Lord David Willetts, the former education minister who chairs the Innovate Cambridge partnership said: “Cambridge needs to provide for its high tech growth”.

“The good news is that it is already in the planning system,” he said. “The bad news is actually getting all this through is tricky with a whole range of issues.” 

He added that it was important for the people of Cambridge to feel that growth was in their interest and included opportunities for local jobs in roles such as technicians.

Willetts said that savings from scrapping the HS2 rail line from London to Manchester should be spent on the Oxford-Cambridge Arc railway between the two university cities. 

The government has also prioritised increasing economic development in more deprived areas outside the south-east as part of its “levelling up” agenda. 

Diarmuid O’Brien, co-founder of Innovate Cambridge, said the UK could invest in the region while raising the economic prospects of other part of the country.

Innovate Cambridge said it had partnered with the Manchester in an effort to boost innovation investment in both cities, creating new local “hubs” to strengthen the relationship between researchers and entrepreneurs. 

Andy Neely, pro vice-chancellor of Cambridge university, said on a per capita basis, Cambridge had more patents, publications and research income than anywhere in the world.
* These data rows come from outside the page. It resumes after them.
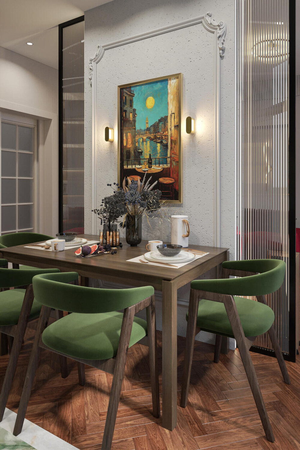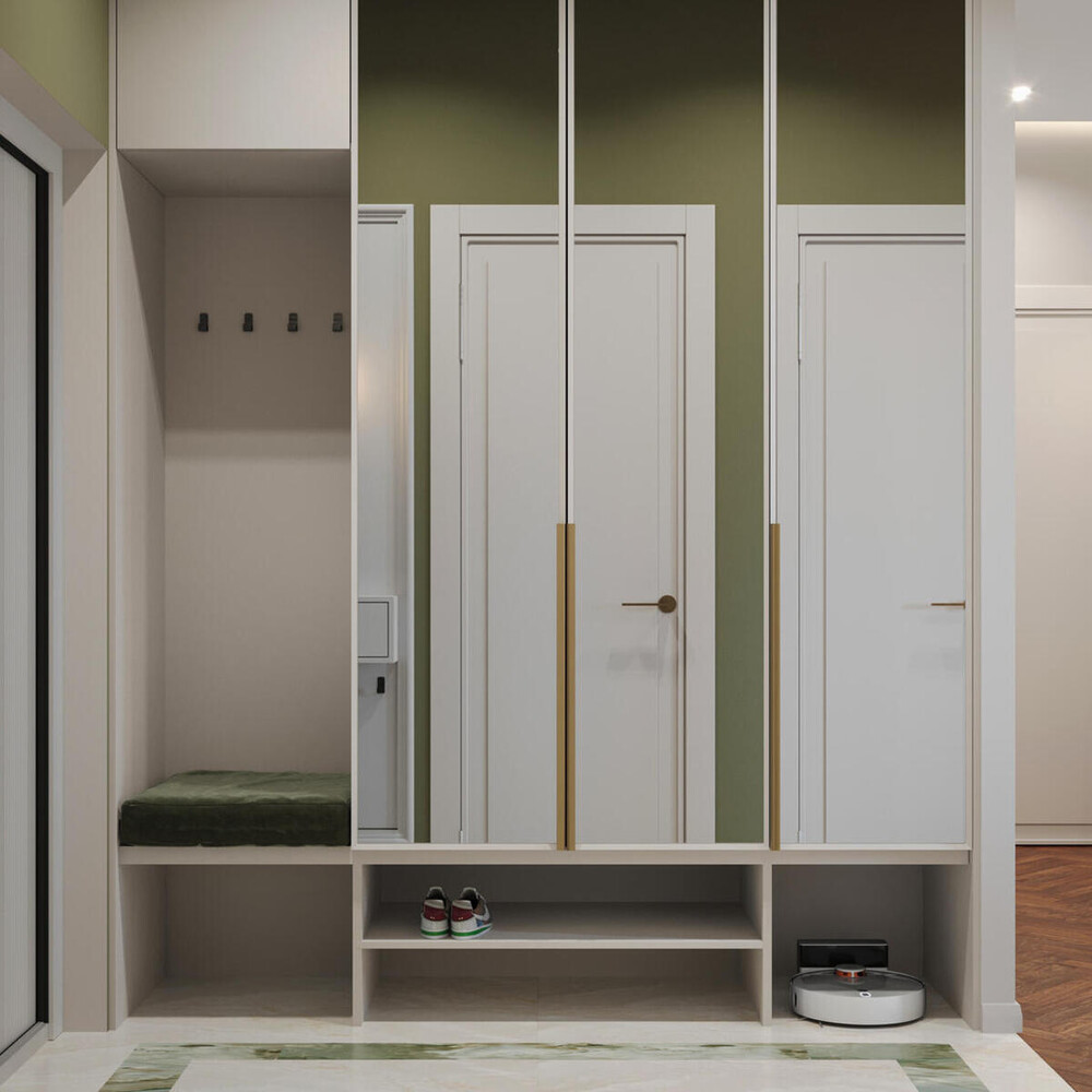 Интерьер выполнен в современном стиле с классическими французскими элементами. Цветовая база построена на молочно-белых и теплых серых оттенках, которые делают пространство светлее и визуально просторнее. Зеленые и терракотовые акценты добавлены через мебель, панели и текстиль, чтобы интерьер сохранял спокойствие и цельность.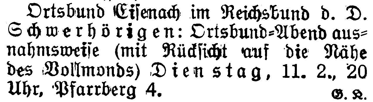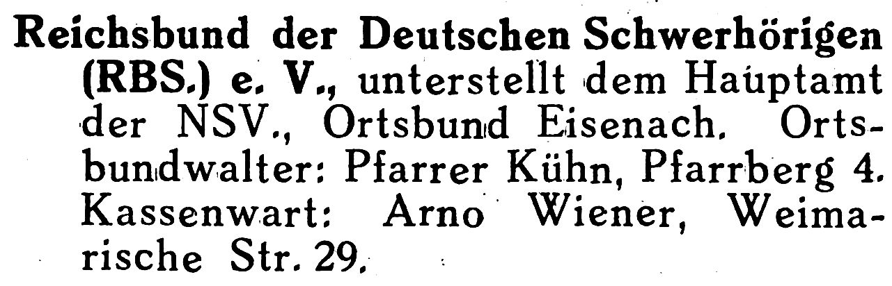 "Aus Luthers lieber Stadt" (bis 1941, letzter Eintrag) und in den Adressbüchern von Eisenach (bis 1943) zu finden. Der letzte ermittelte Eintrag findet sich unter "Kirchliche Einrichtungen" als "Reichsbund der Schwerhörigen (RBS), Ortsbund Eisenach". Dann verlieren sich die Spuren im Zweiten Weltkrieg.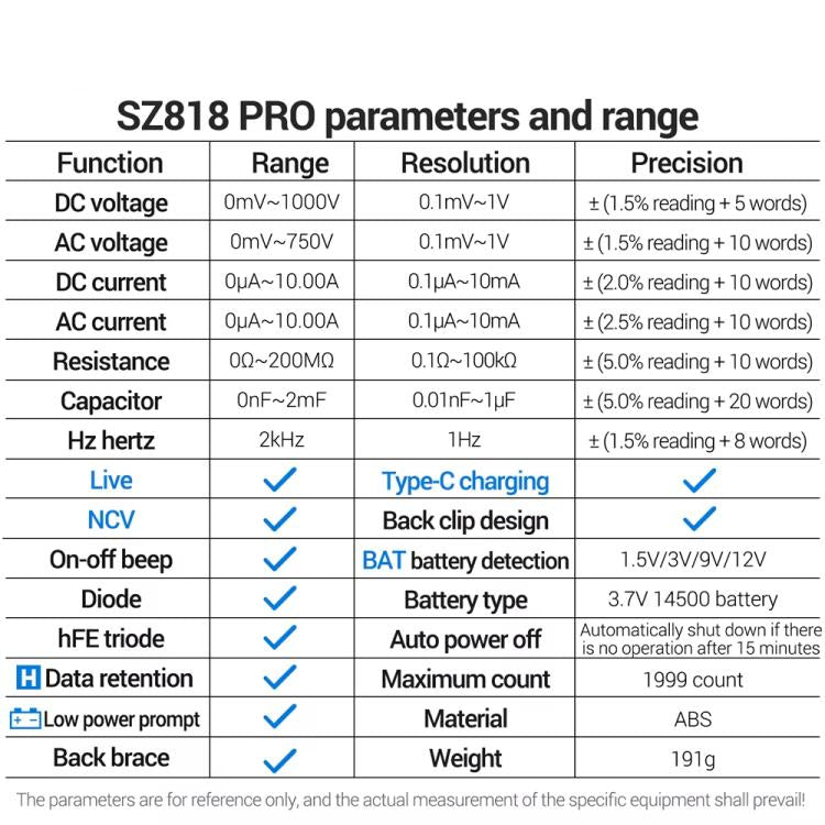 ANENG SZ818 Digital Multimeter with NCV Detection Voltage Tester for AC/DC Current/Voltage, hFE Triode, and Capacitor Test Tool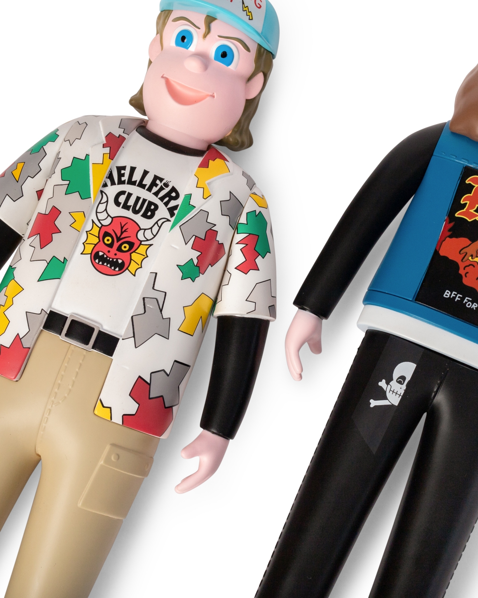 以全球熱播美劇《怪奇物語》第4 季核心角色與劇情主軸“友情”為靈感,融合80 年代美式經典風格與科幻元素,考究原作人物細節人設與造型,邀請日本知名藝術家Jun Oson 合作 ,以其“花生臉型”角色風格進行藝術插畫的轉換,並以PVC搪膠材質,透過複雜程序與製作工法,精緻呈現Jun Oson 所詮釋的立體造型特色,巧妙復刻劇中角色經典的形象。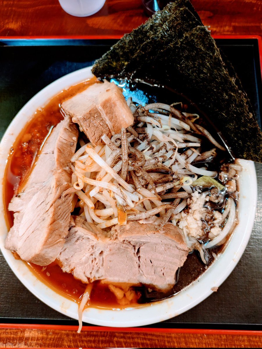 2025/10/19 上田市 ラーメン富士松 中W (400g)+黒富士(純とろ豚マー油) ニンニクアリヤサイマシアブラ普通 塩尻市 クア・アンド・ホテル信州健康ランド pic.x.com/fhAhyfiydU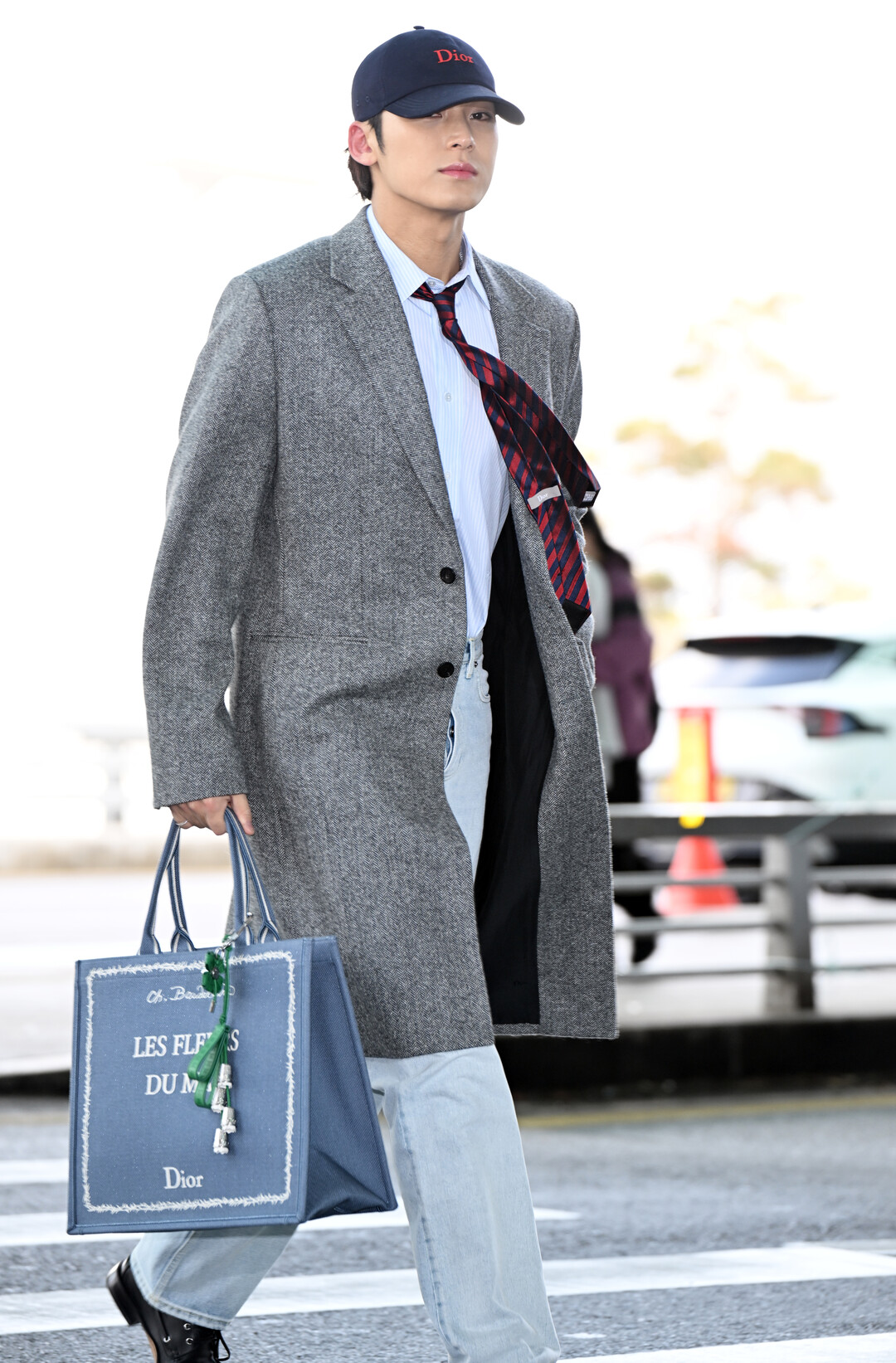 민규의 공항 패션에서 가장 눈에 띄는 것은 디올 시그니처 아이템들이다. 머리에는 네이비 컬러의 디올 로고 캡을 착용해 캐주얼함을 더했으며, 손에는 디올의 아이코닉한 북 토트백을 들었다. 네이비 컬러의 이 백은 프론트에 화이트 스티치로 프랑스를 대표하는 시인 샤를 보들레르(Charles Baudelaire)의 시집 제목 'LES FLEURS DU MAL(악의 꽃)' 텍스트가 새겨져 있으며, 그린 컬러의 참 장식이 포인트를 더했다.

But, he added, it was still only a tenth of the size of Silicon Valley, or the wider Boston area. 

“There is no way that Cambridge can grow to be 10 times as big. I don’t think people want it to grow to be 10 times as big,” he said.  

“The way for the UK to really compete internationally is to think about wider innovation ecosystems, bigger geographic areas,”

Cambridge has 5,500 businesses that carry out research, development or innovation, generating more than £20bn in revenues a year.